While many other fashion retail companies garner more attention, there is one clothing retailer quietly generating fantastic returns for its investors. The Buckle (NYSE:BKE) has, for over eight years, been driving consistent, respectable revenue and income growth-even through the recession. The key to its success ultimately is in focusing on a less flashy but very large and profitable niche market combined with a management team that has built an incredibly streamlined company.
The Business Model
Compared to other retailers like Abercrombie & Fitch (NYSE:ANF), American Eagle (NYSE:AEO), and the Gap (NYSE:GPS), the Buckle does not focus on major affluent areas particularly on the coasts. Instead it has built its business in mostly smaller markets in the Midwest and the interior of the US. As a result, it has been able to build a brand and a customer base in places that tend to be the last, or at least not first, to receive other major brands that prefer to launch on the East or West Coasts.
In addition, as a result of this, the Buckle does not get completely pulled into the major fashion fads that emerge only to die a year later. Instead, the Buckle focuses on its own as well as other reliable well-respected brands and designs, such as Guess (NYSE:GES) and Fossil (NASDAQ:FOSL), that keep customers coming back.
Managers Are Owners
Yet, so much of this focus and success is the result of a fantastic management team. The management team are, and think, like owners. The founder, Daniel Hirshfield, is still involved as Chairman and owns over 33% of the company while the long-standing CEO, Dennis Nelson, owns over 5% of the Buckle. These guys have been with the company for decades.
I am sure at least some people have had the experience of working for a company and recognizing a glaring problem that just baffles you why the management haven't yet fixed. A problem that if you were "CEO for a day" would be the first thing you fixed. Well, Dennis Nelson, the CEO, is exactly this CEO. He started at the Buckle as a college student working as a salesman, then moving his way up over thirty years later as CEO. After working in nearly every position in the company, no doubt he saw things that needed fixing and when he became CEO, he fixed them.
The Supply Chain Design For A Great Business
Most prominent to their success is in the supply chain. For a sales person, one of the most frustrating things is when a customer comes into your store wanting to buy a product only to discover that you don't have any in stock or that customer's size is not available. For a sales person, as for the company, that is money literally walking out of the door. I can imagine the CEO of the Buckle experiencing this and becoming determined to never let it happen again in his stores.
The Buckle developed an innovative system to solve this, instead of reviewing stock sales and delivering inventory once or twice a week, the Buckle does this every day. While seemingly more costly, The Buckle has greater and faster insight into its current sales trends than many of its competitors. It uses this insight to shift merchandise as close to real-time as it can. Its led to gross margins, profit margins and sales per square foot that are some of the best in the industry.

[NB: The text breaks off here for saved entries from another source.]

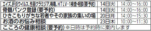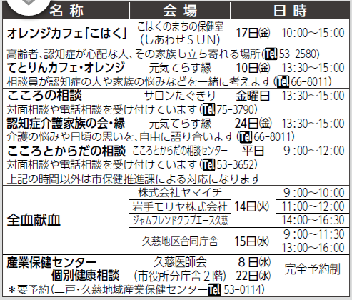 健康 健康相談・検査 10/17 前の記事 次の記事 発行日 : 2025年09月15日 自治体名 : 岩手県久慈市 広報紙名 : 広報くじ 令和7年9月15日号 No.469 会場:久慈保健所(久慈地区合同庁舎) 問合せ:久慈保健所 【電話】53-4987 Tweet シェアする 年金相談(要予約) 税などの納期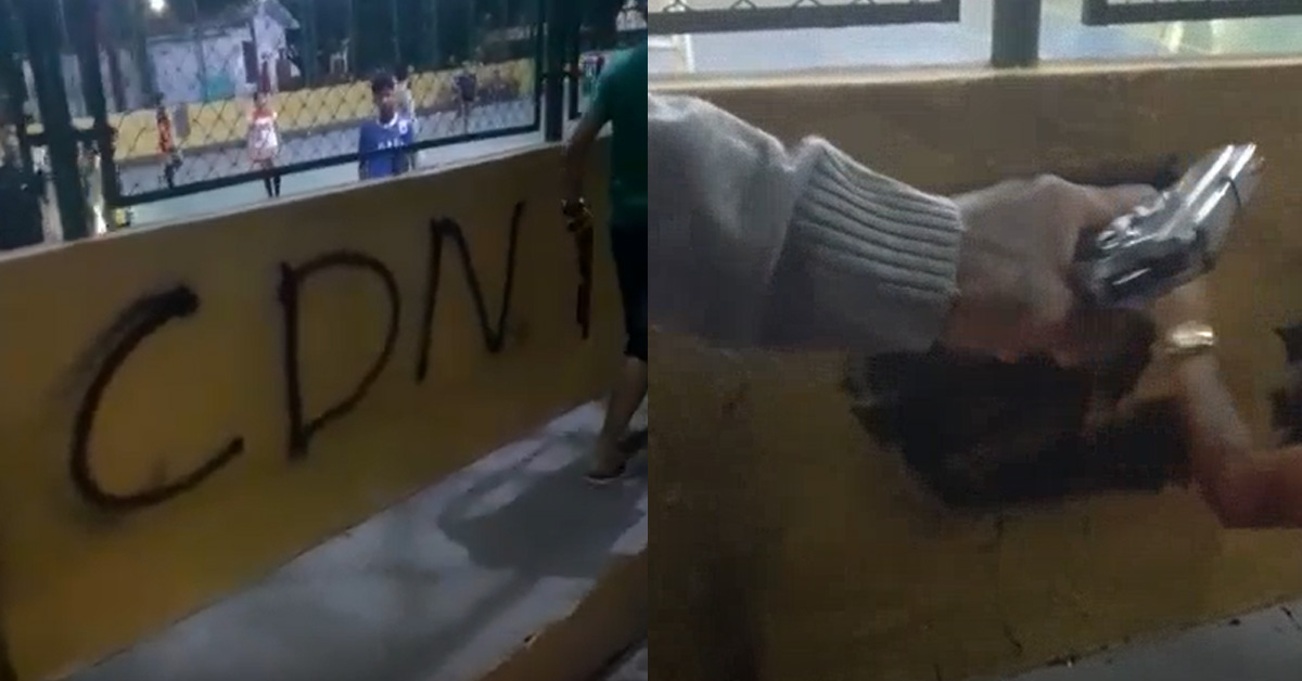 No vídeo, os bandidos chegam na frente da quadra, onde jovens e crianças estavam jogando bola, e amedrontam pessoas dentro do local. “Agora é CDN”, gritam eles após marcar a quadra esportiva e fugir.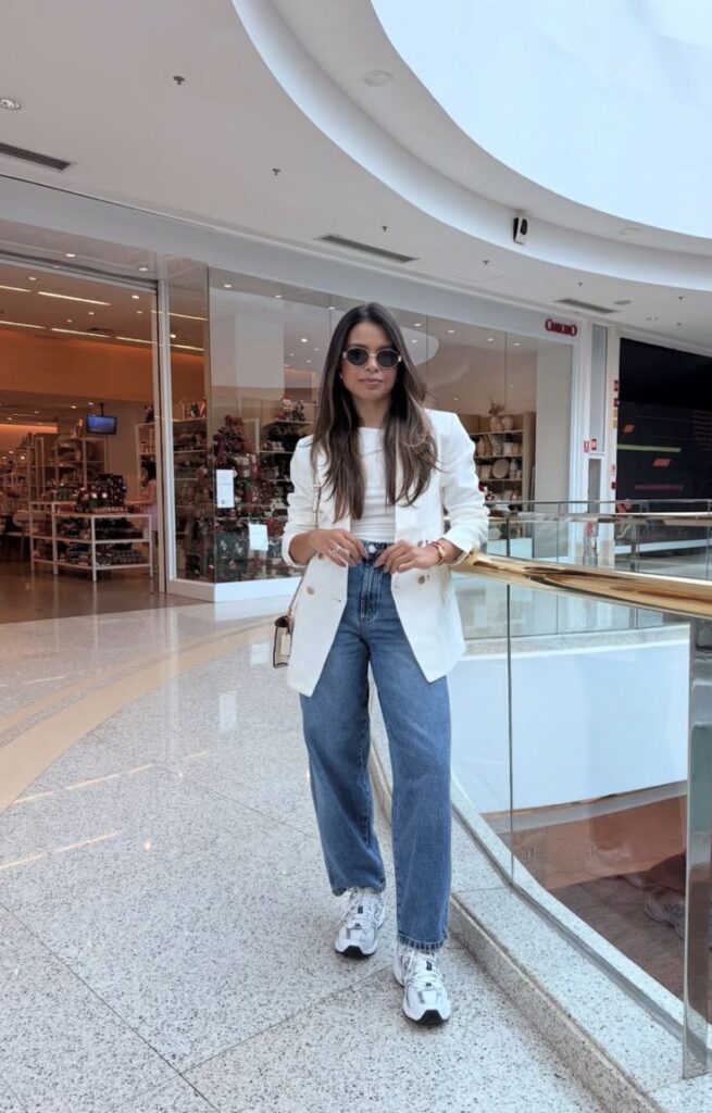 Gold buttons on a fitted white double breasted blazer immediately elevate whatever you pair it underneath. Light wash jeans and chunky sneakers keep it grounded so it never tips into overdressed.
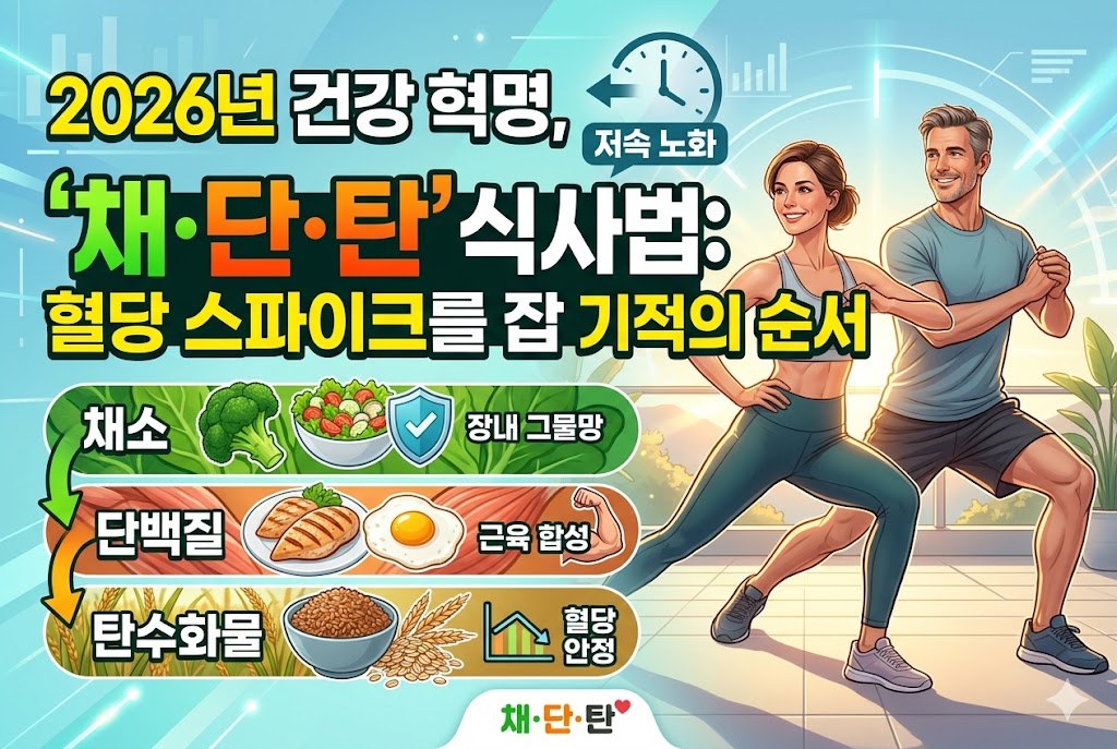 2026년 건강 트렌드의 핵심인 '저속 노화'를 실현하는 가장 강력한 무기는 바로 '채·단·탄(채소-단백질-탄수화물)' 식사법입니다. 식이섬유를 먼저 섭취해 장내 ‘그물망’을 형성함으로써 탄수화물의 당 흡수를 늦추고 혈당 스파이크를 방지하는 이 방식은, 단순한 다이어트를 넘어 노화의 속도를 늦추고 만성 질환을 예방하는 인류 공통의 스마트 식사 지침으로 자리 잡았습니다. 📈
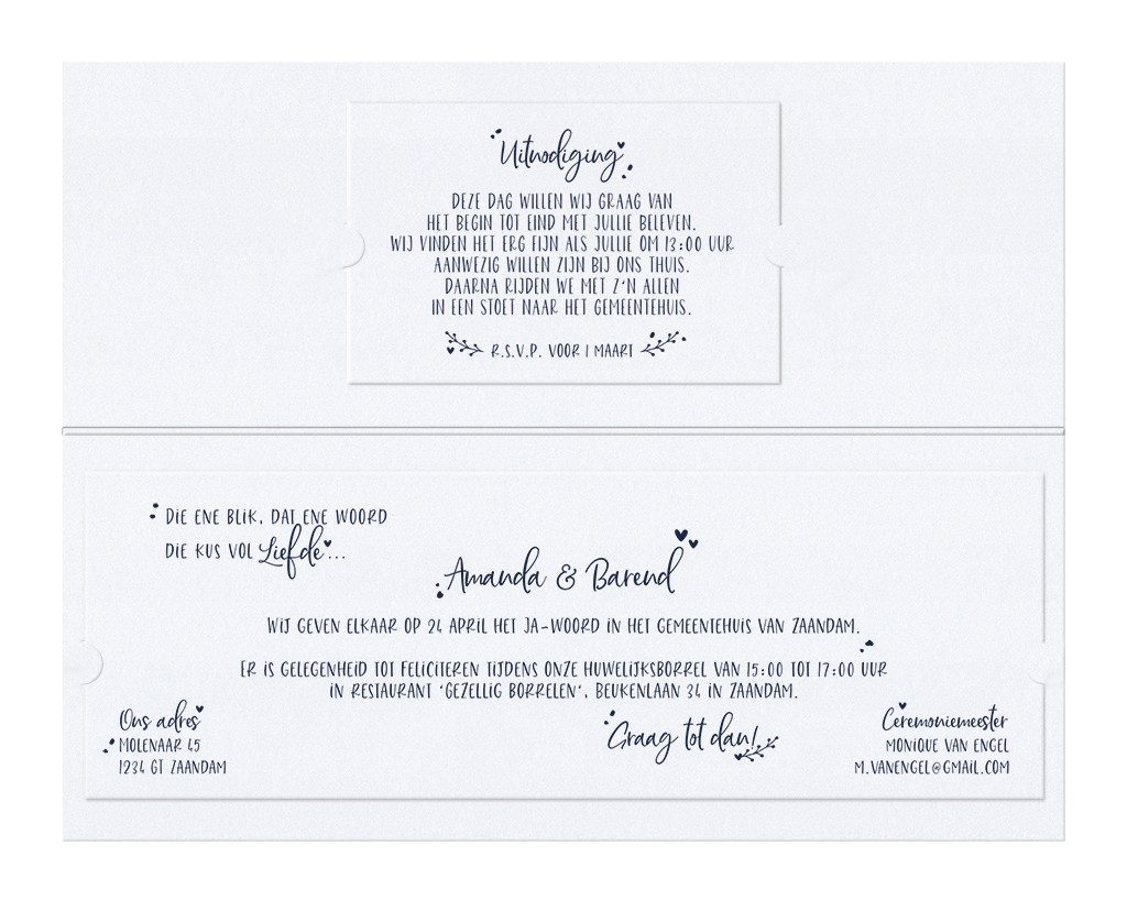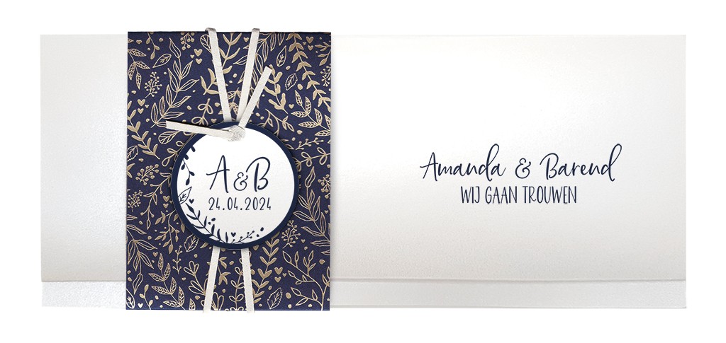 Partecipazione di nozze orizzontale di carta madreperlata con elegante fascia e cartellino per le iniziali e data. Contiene il biglietto di partecipazione e separatamente il biglietto invito.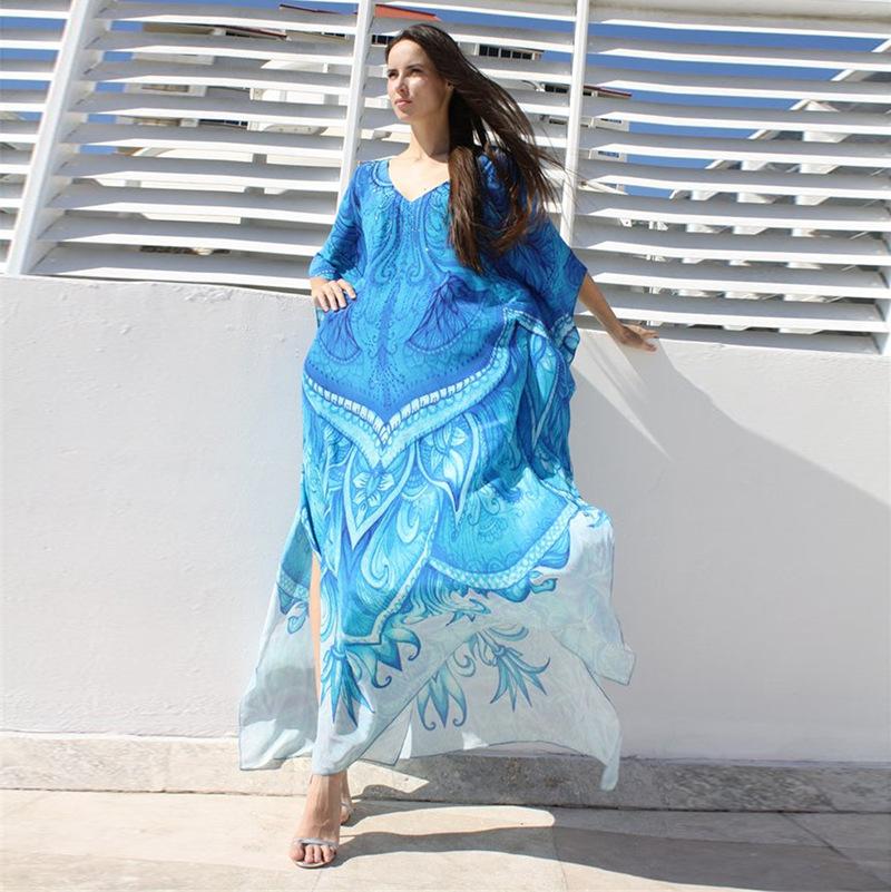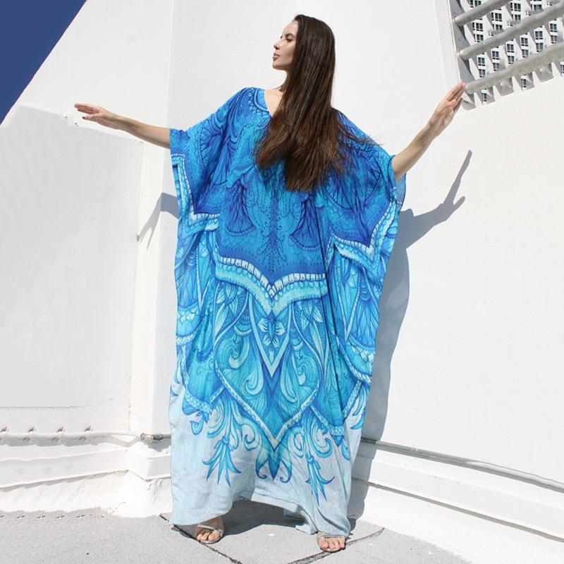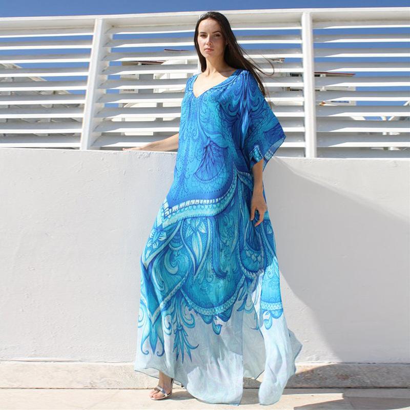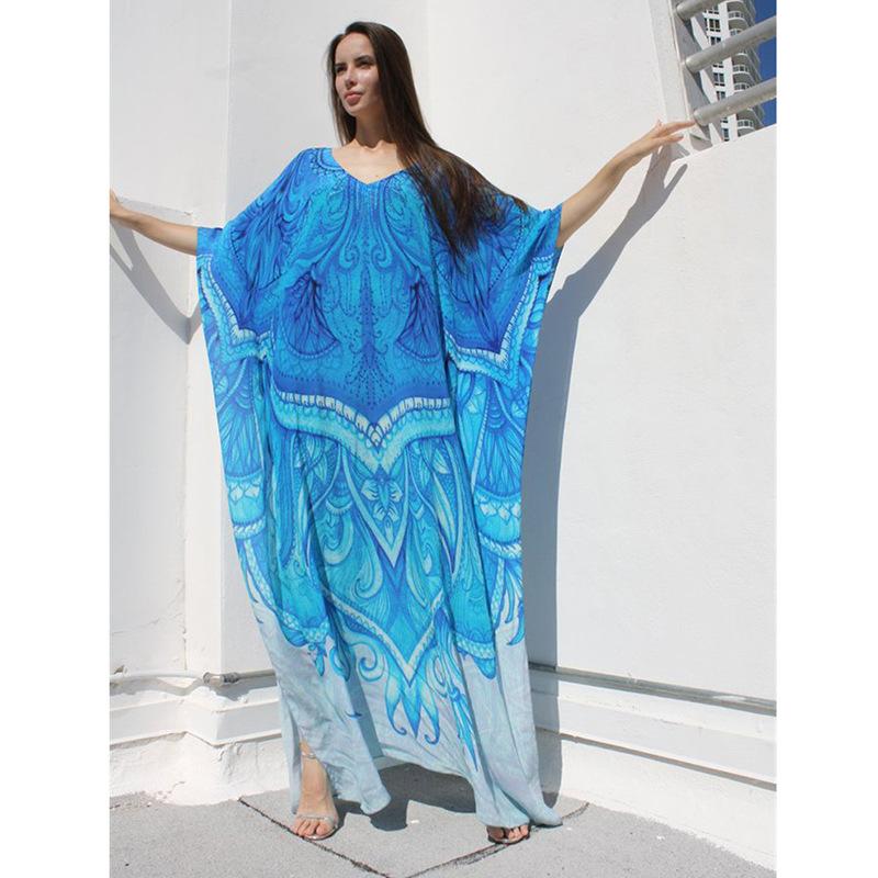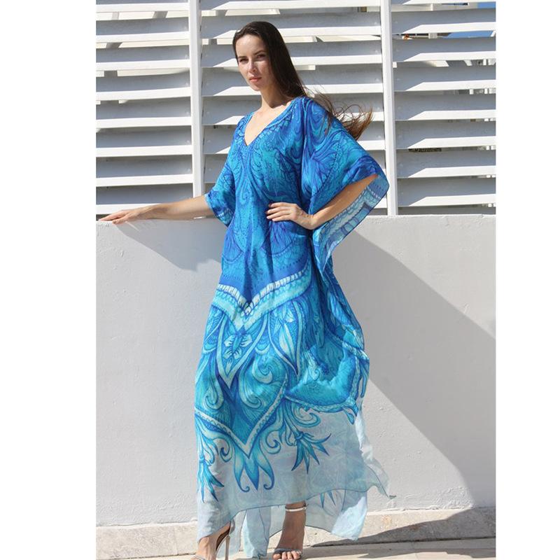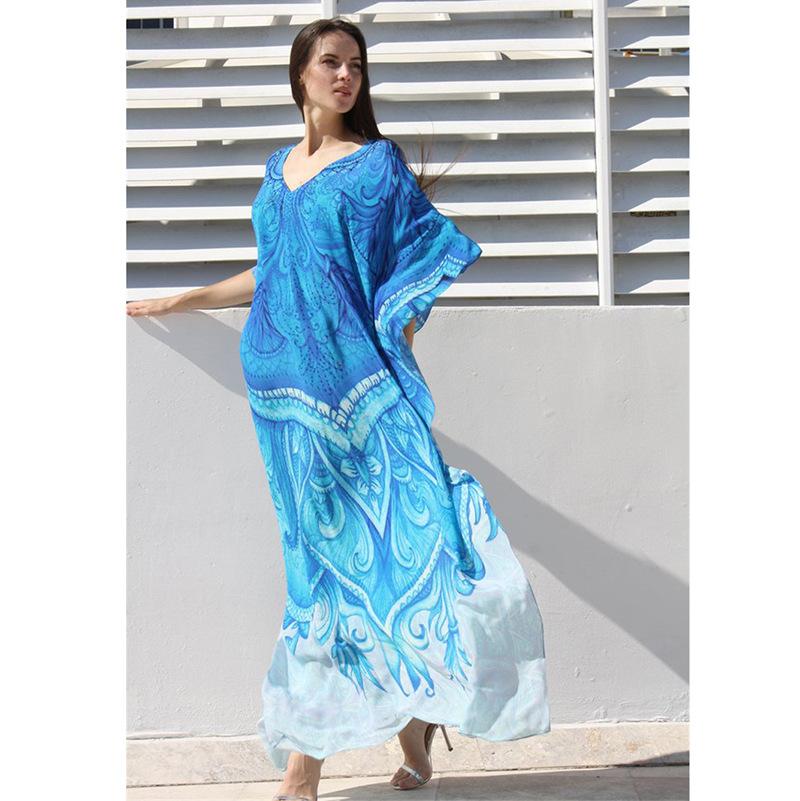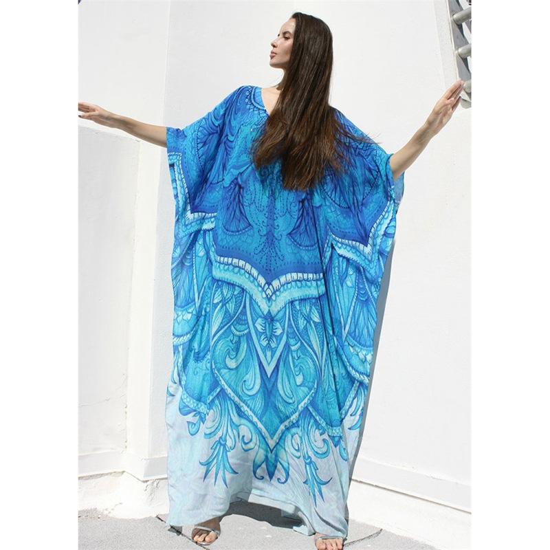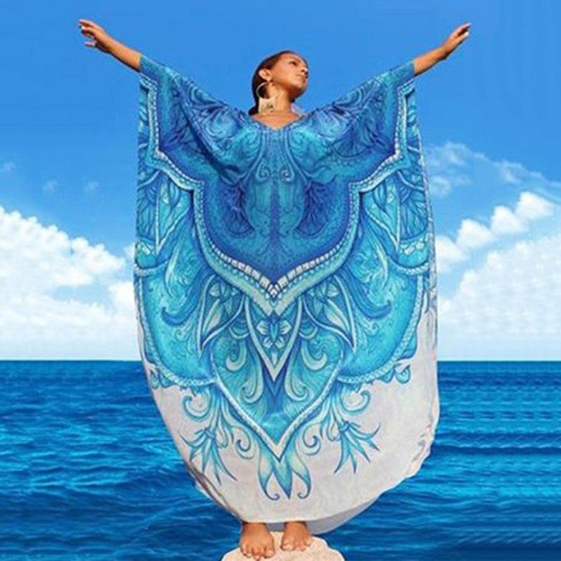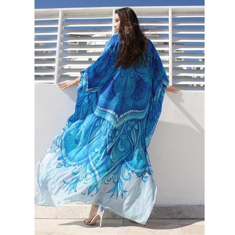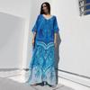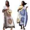 Venta al por Mayor Cobertura de Playa Estampada Transfronteriza Estilo Bata Holgada Vacaciones Protección Solar Camisa Vestido Cobertura para Bikini Traje de Baño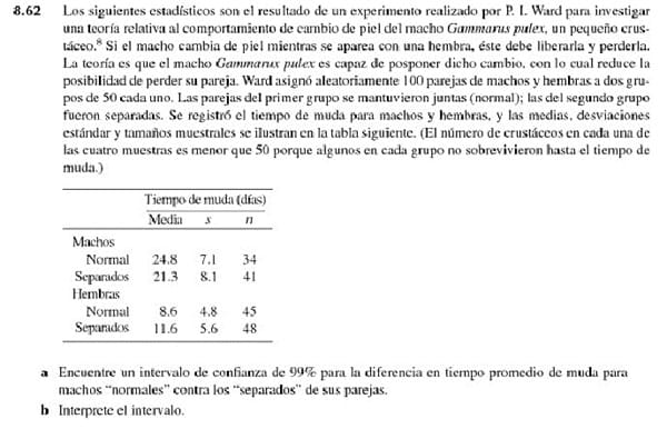 $$\begin{align}&IC =\overline{y_1}-\overline{y_2}\pm z_{\alpha/2}·\sigma{(\overline{y_1}-\overline{y_2})}\\ &\\ &\sigma_{(\overline{y_1}-\overline{y_2})}=\sqrt{\frac{\sigma_1^2}{n_1}+\frac{\sigma_2^2}{n_2}}\approx \sqrt{\frac{s_1^2}{n_1}+\frac{s_2^2}{n_2}}=\\ &\\ &\sqrt{\frac{7.1^2}{34}+\frac{8.1^2}{41}}= 1.755816323\\ &\\ &\\ &IC =24.8-21.3 \pm 2.5758·1.755816323\\ &\\ &3.5 \pm 4.5226\\ &\\ &IC = [-1.0226, 8.0226]\end{align}$$b) Está claro que el tiempo promedio de muda es superior para los machos normales que los separados, pero no es seguro al 99% porque el extremo inferior del intervalo de confianza es negativo, corresponde a la situación contraria.

For example, in one of the Buckle's stores a piece of clothing might be selling out but in another it might not be selling at all. With the Buckle's system, it can within one day shift its slow-selling inventory into stores where it is selling. This means that when a customer walks in, the products he or she wants are almost always in stock and ready to buy, making both sales people and investors happy.
As you can see from the charts, the Buckle's system works. Even while Abercrombie has higher Gross Margins, the Buckle still generates profit margins twices its closest competitors.
The Buckle's Comparable Gross Margin
The Buckle's Comparable Profit Margin
The management team also is very cautious in expanding. They only grow when it makes clear business sense and when there are fantastic opportunities. They are very cautious about expanding opening just 13 in 2011 and 19 in 2010. By being cautious they prevent over expansion that has plagued companies like Starbucks (NASDAQ:SBUX) and Abercrombie in the past. In contrast, the Buckle focuses its energy on making its stores increasingly profitable and consistently growing its same store sales. This also means that it is able to integrate its new stores into its distribution system extremely well, allowing it to keep its gross margins consistently over 40%.
Part of this, I believe, is the result of being based in Kearney, Nebraska, very far away from Wall Street and the fact they do not issue sales numbers. This remoteness allows the management team to focus on building a successful business, rather than a successful stock. The lack of estimates means the management does not have to focus on making quarterly numbers, and can instead focus on growing over the long-term-which is exactly what they have done.
The Secret Dividend
Lastly, this focus on thinking like owners is seen in their dividend policy. Their dividend appears to be only about 1.7% but what are not factored in are the large one-time dividends that the company pays out at the end of most years. If the management team does not have a use for its cash at the end of the year, the Buckle pays it out to shareholders. This past December in fact, it paid a $6.00 dividend to its shareholders and $2.25 per share in 2011.
Ultimately, with a management team that thinks like owners, a consistent and focused business strategy and a healthy dividend yield, the Buckle is a fantastic stock for long-term oriented investors. Unlike many of its competitors you probably won't see large stock peaks or losses, but consistent growth over the long term.